For a fast and powerful implementation of such models we use the XGBoost library in these examples. Other popular trees include LGBM and ADA boost trees.
3.1 XGBoost¶
Xgboost is a more complex and efficient form of the normal gradient boosting algorithm. It is also optimised to run efficiently on both CPU and GPU hardware. Below are the main hyper-parameters you will need to choose when building an xgboost model.
- n_estimators -> The number of trees that will be chained together.
- max_depth -> The maximum depth of each tree in the chain.
Note that the xgboost library stores trees in a different format and therefore is not compatible with the plot_tree method of sklearn.
clf_xgb = XGBClassifier(n_estimators = 20, max_depth=6, n_jobs = -1, seed=3)

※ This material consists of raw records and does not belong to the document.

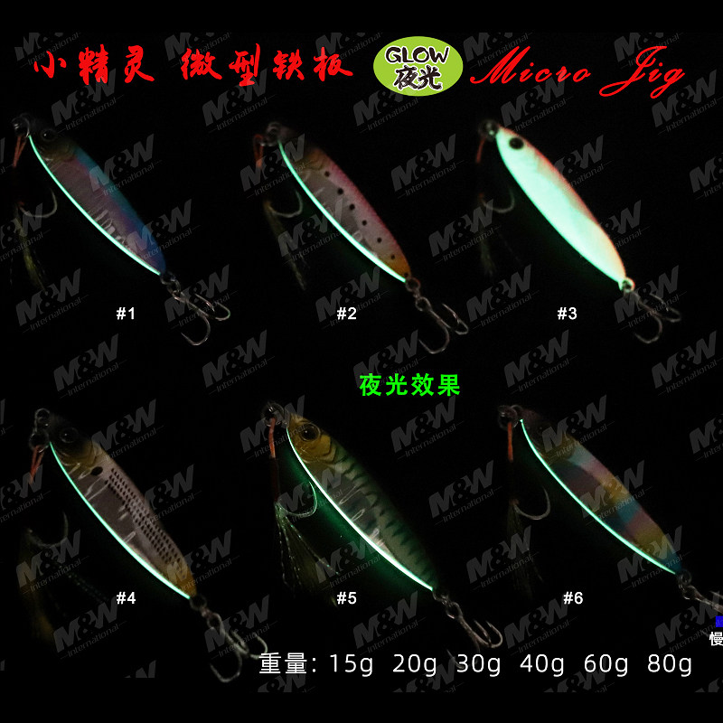 爱默达MW海钓小精灵微型铁板轻型夜光60克80克路亚假饵章红马鲛鱼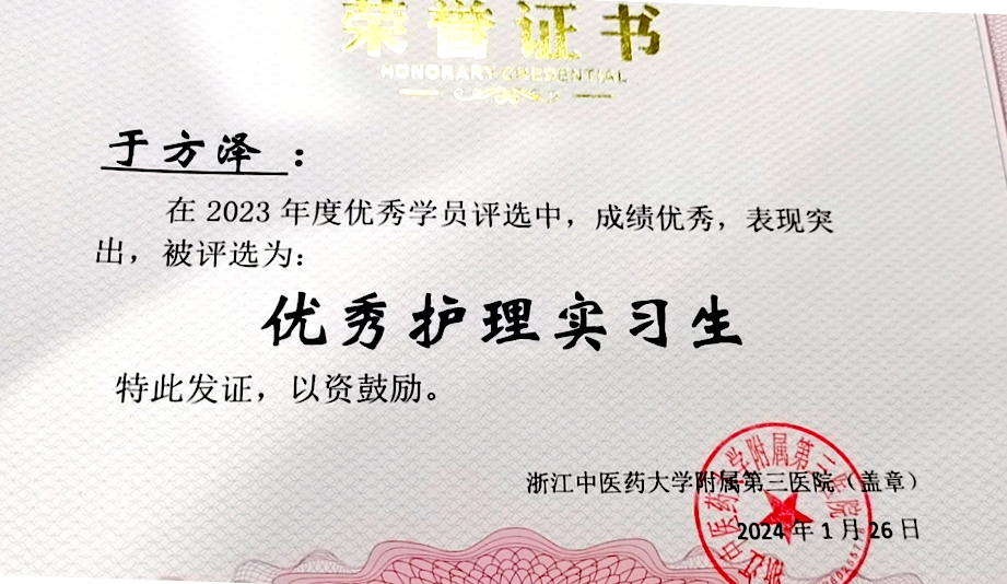 在浙江中医药大学附属第三医院实习的护理学206班于方泽同学荣获“优秀护理实习生”荣誉称号。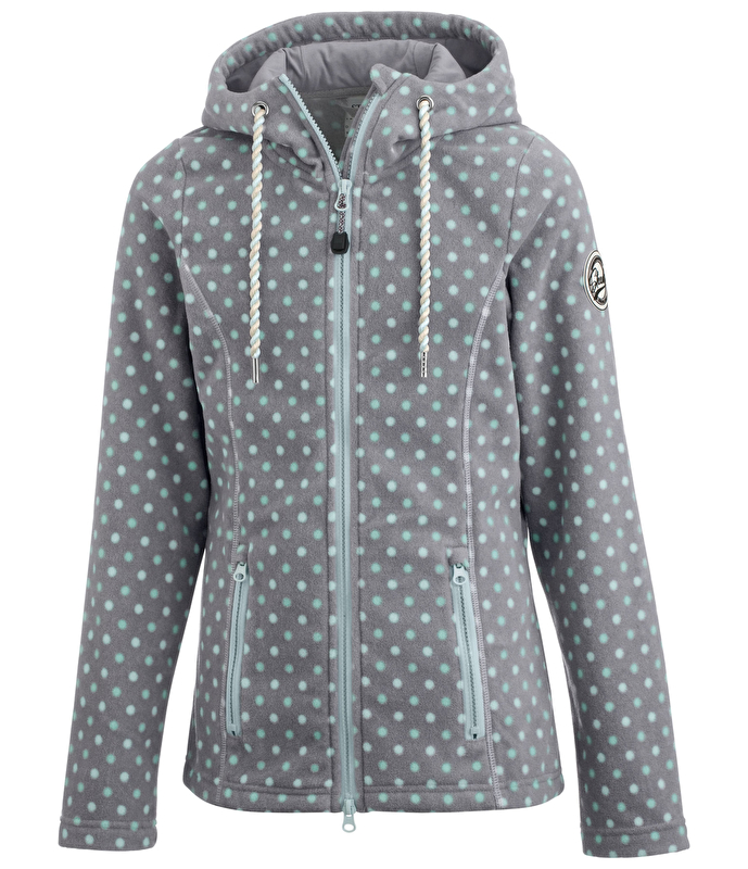 Dziecięca bluza polarowa w kropki. Szwy w kontrastowych kolorach z przodu i na kapturze. Naszywka z logo na rękawie. Kaptur podszyty miękkim jerseyem. 2 kieszenie na suwak. 100% poliestru. Podszewka 95% bawełna, 5% elastan.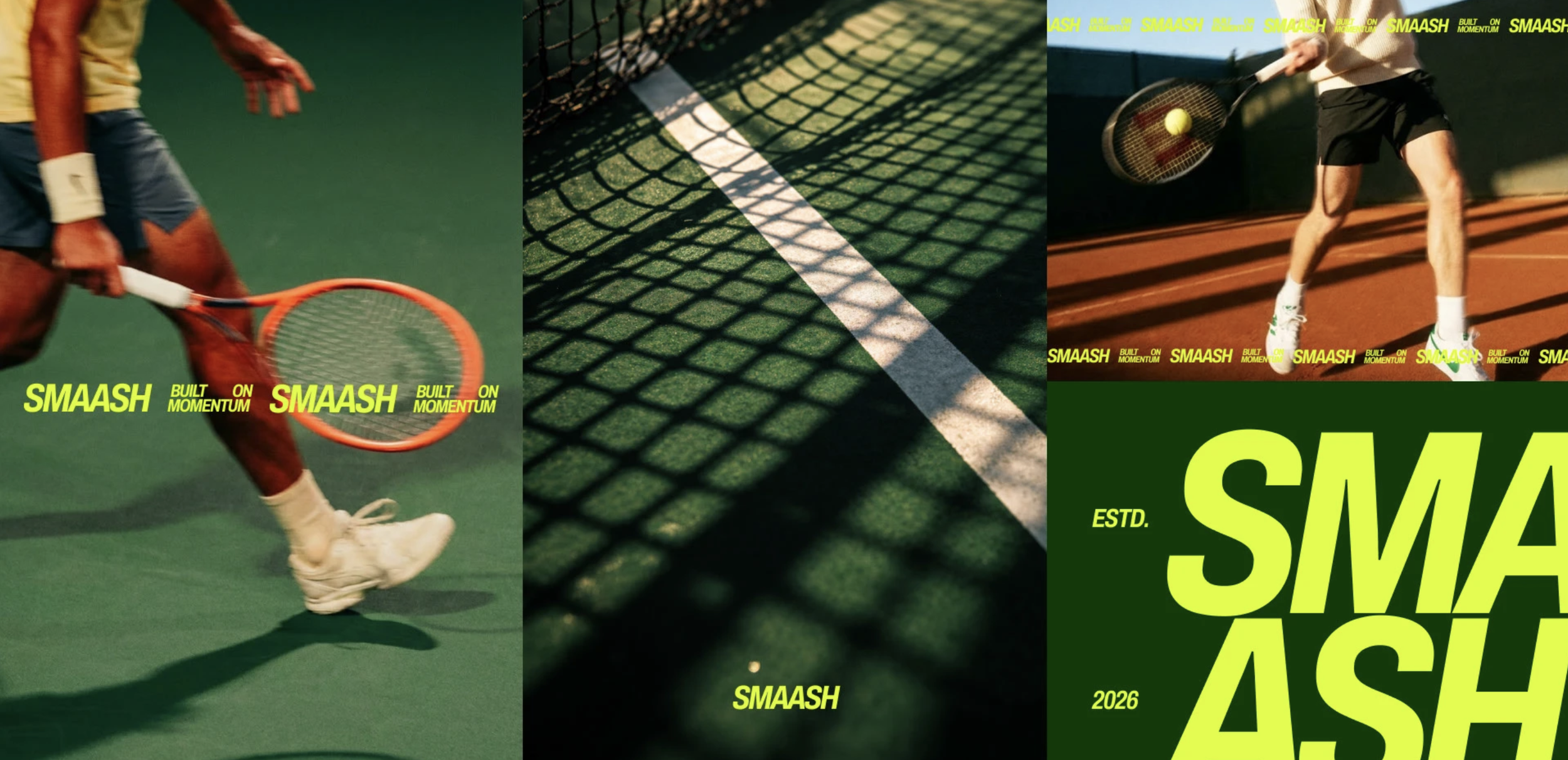 Smaash prend le contrôle du court. On a conçu une direction artistique qui respire la précision et le mouvement. Chaque ligne, chaque couleur a été pensée pour refléter l'exigence du haut niveau tout en ouvrant le tennis à une nouvelle ère. Le résultat ? Une image de marque percutante qui place le club sur le devant de la scène sportive.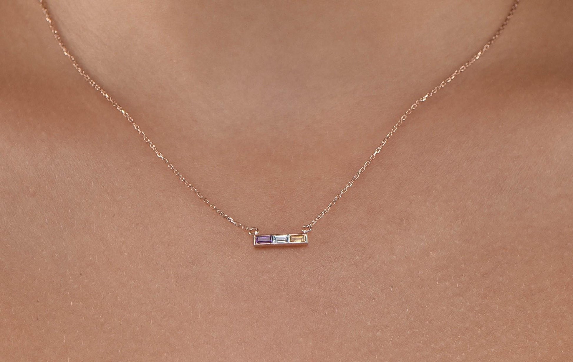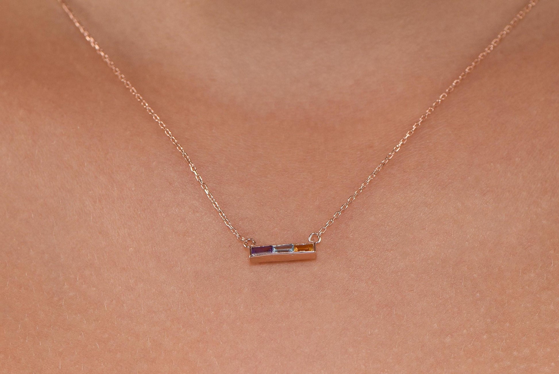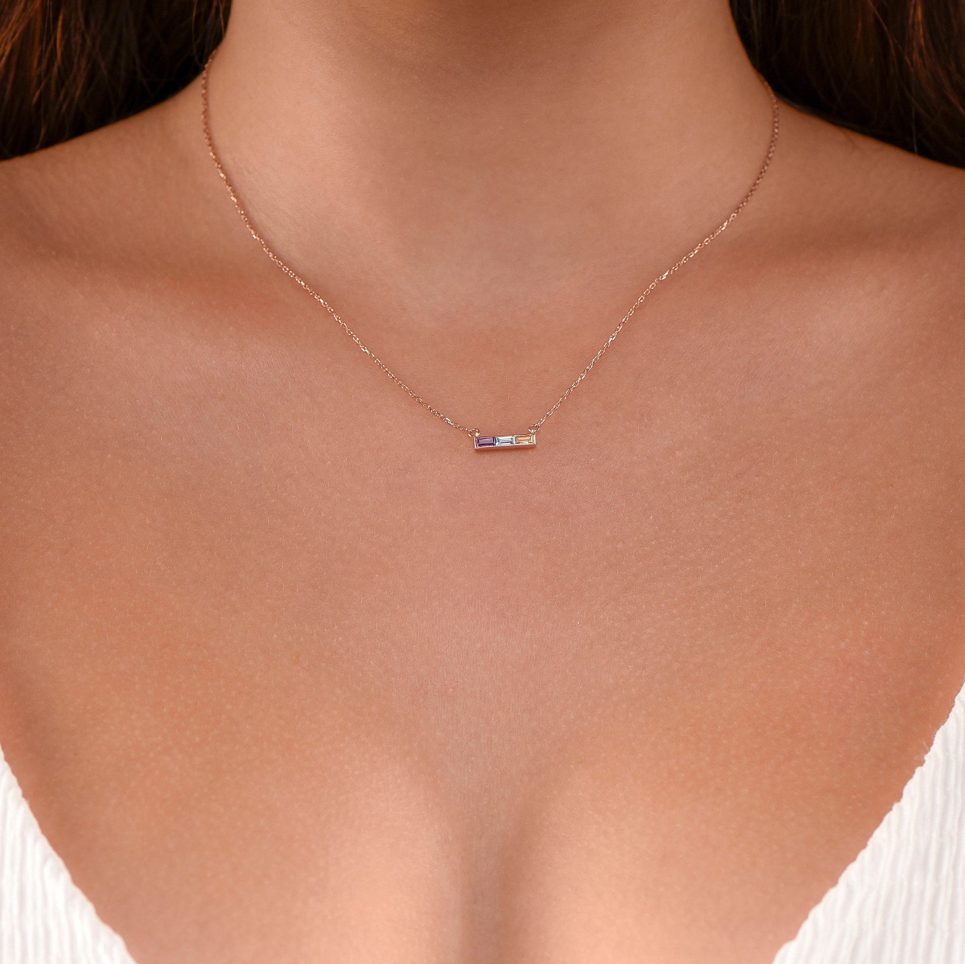 🌟 A fresh and colorful take on minimalist design, this 14K solid yellow gold necklace showcases a sleek horizontal bar pendant with three baguette-cut gemstones: amethyst (purple), aquamarine (blue), and citrine (yellow). Each stone measures 4x2mm and weighs 0.10ct, creating a bold and balanced look.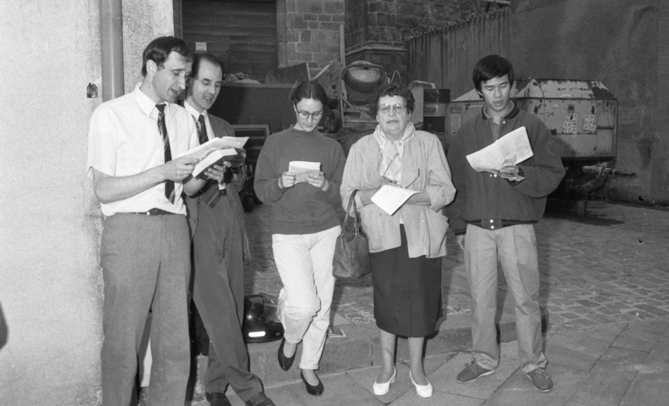 Des membres d'une chorale chantent lors de la fête de la Musique, à Limoges, en juin 1991.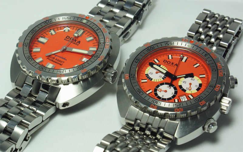 Before continuing with this review, it must be noted that the production version of the orange dial SUB 5000T is called the Seaconqueror. The watch shown in this review is a prototype and is designated Conquistador. Initially Doxa planned to call the watch the Conquistador in homage to the original HRV equipped SUB 300T, however, some other watch brand registered and copyrighted the name Conquistador, that was originally owned and used by DOXA, hence it was unavailable for use on the new 5000T, so as a homage to the orginal Spanish name, DOXA gave the new SUB 5000T, the name SeaConqueror.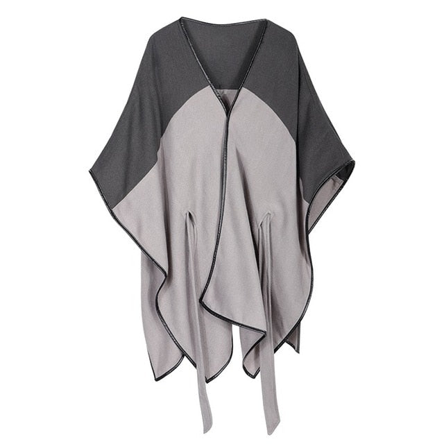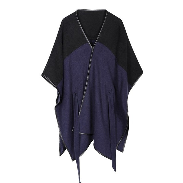 Dam Poncho Halsduk i Mjuk Kashmir med Dekorativt Midjeband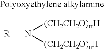 [0023] wherein [0024] n, m, p: each an average addition molar number (n, m, p≧0, preferably 10≧n, m≧0, p≧0) of ethylene oxide; and [0025] R; each independently an alkyl group or alkylphenol group having from 3 to 30, preferably from 10 to 20, carbon atoms. [0026] With respect to the alkyl group which can form the phosphoric acid ester structure, an alkyl group obtained from a naturally occurring or synthetic higher alcohol is introduced. Among these phosphoric acid esters, a phosphoric acid ester capable of dissolving in an organic solvent used and having an acid value (pE: 9.5) in the range from 90 to 600 is most preferred [0027] Specific examples thereof include Phosphanol series such as RE-410, LE-500, RE-610, LE-700, RM-410, LM-400, LF200, LF205, RP-710, LP-700, RS-410, LS-500, RD-510Y, RB-410, LB-400, RA-600, GB-520, RD-720, ML-200 and ML-220, produced by Toho Chemical Industrial Co., Ltd., and additionally include PRISURF series such as A212E, A210G, AL, A212C, A215C, A208B, A206S and A208F, produced by Dai-ichi Kogyo Seiyaku Co., Ltd. Also, similar phosphoric acid esters are available from Asahi Denka Kogyo K.K. and the like. [0028] The weakly cationic component for use in the present invention includes imidazoline-type activator, polyoxyethylene alkylamine, polyoxyethylene alkylamide and alkylalkanclamide, and is represented by the following formula: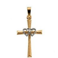 14K TWO TONE GOLD CROSS PENDANT W/DOUBLE HEARTS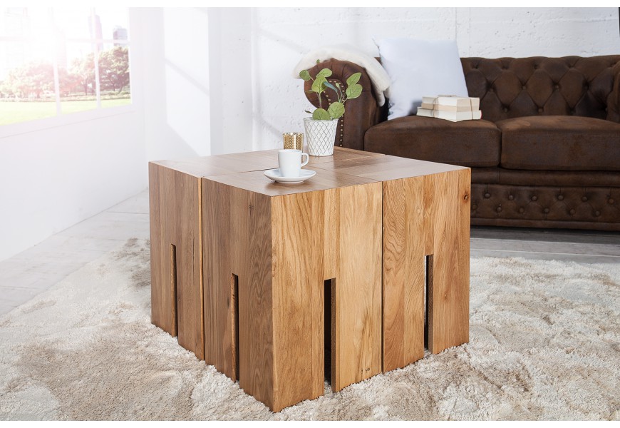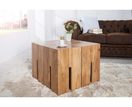 Štýlový masívny štvorcový hnedý konferenčný stolík Castle s výraznou štruktúrou dreva 45 cm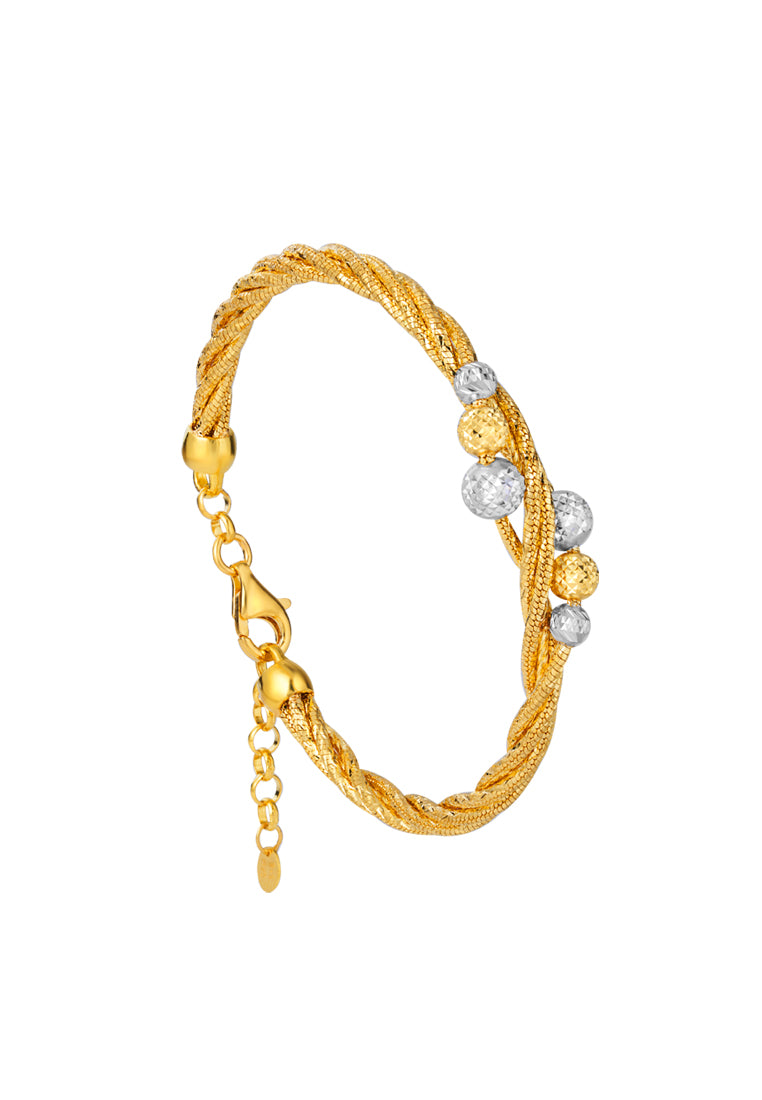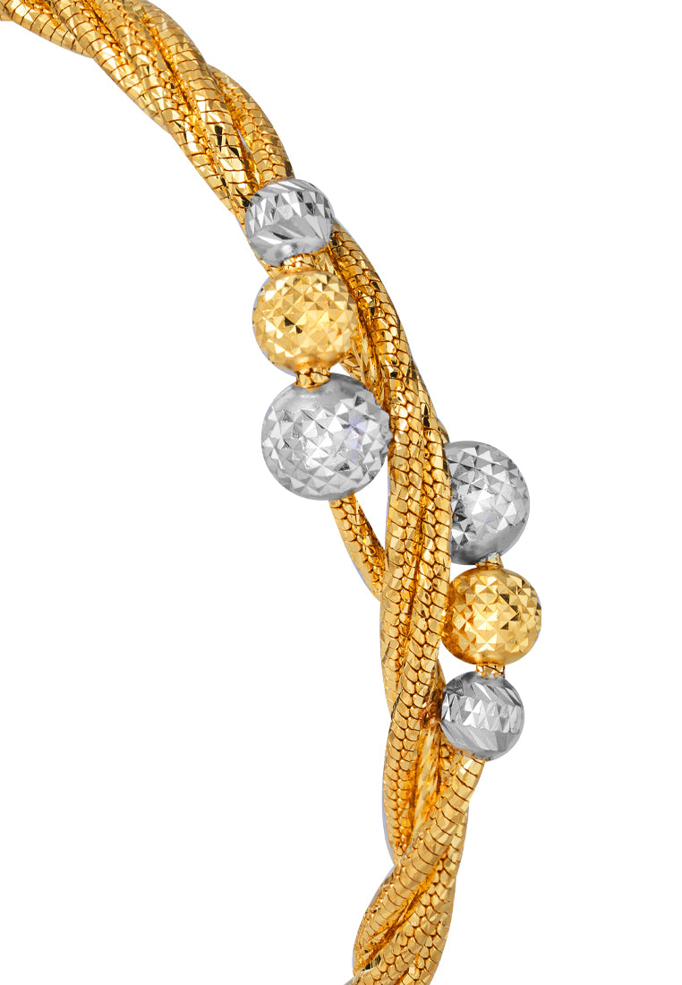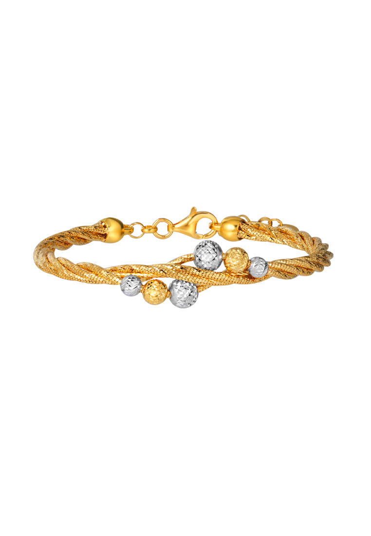 TOMEI Dual-Tone Lasered Balls Bangle, Yellow Gold 916

clf_xgb.fit(X_train_clf, Y_train_clf)
print("Training Loss :", metrics.log_loss(clf_xgb.predict(X_train_clf), Y_train_clf))
print("Testing Loss :", metrics.log_loss(clf_xgb.predict(X_test_clf), Y_test_clf))
Training Loss : 2.2204460492503136e-16 Testing Loss : 1.638347881323507
print("Training ACC :", metrics.accuracy_score(clf_xgb.predict(X_train_clf), Y_train_clf))
print("Testing ACC :", metrics.accuracy_score(clf_xgb.predict(X_test_clf), Y_test_clf))
Training ACC : 1.0 Testing ACC : 0.9545454545454546
imp = clf_xgb.feature_importances_
for i in range(len(columns_clf)):
print(f"The feature {columns_clf[i]} contributed {imp[i] * 100}% to the final outcome.")
The feature gender contributed 5.102251842617989% to the final outcome. The feature ssc_percentage contributed 32.35481083393097% to the final outcome. The feature ssc_board contributed 4.403411224484444% to the final outcome. The feature hsc_percentage contributed 11.843376606702805% to the final outcome. The feature hsc_board contributed 2.9443010687828064% to the final outcome. The feature hsc_subject contributed 4.654479399323463% to the final outcome. The feature degree_percentage contributed 11.035174876451492% to the final outcome. The feature undergrad_degree contributed 4.487524181604385% to the final outcome. The feature work_experience contributed 11.305423825979233% to the final outcome. The feature emp_test_percentage contributed 4.736224561929703% to the final outcome. The feature mba_percent contributed 7.133029401302338% to the final outcome.
figure(figsize=(22, 6), dpi=200)
plt.bar(columns_clf, clf_xgb.feature_importances_)
plt.title("Classification Feature Importantance for XGBoost")
plt.xlabel("Columns")
plt.ylabel("Features")
plt.show()
Comparison of Classifiers¶
tree_loss = metrics.log_loss(clf_tree.predict(X_test_clf), Y_test_clf)
rf_loss = metrics.log_loss(clf_rf.predict(X_test_clf), Y_test_clf)
xgb_loss = metrics.log_loss(clf_xgb.predict(X_test_clf), Y_test_clf)
figure(figsize=(6, 4), dpi=200)
plt.bar(["Decision Tree", "Random Forest", "XGBoost"], [tree_loss, rf_loss, xgb_loss])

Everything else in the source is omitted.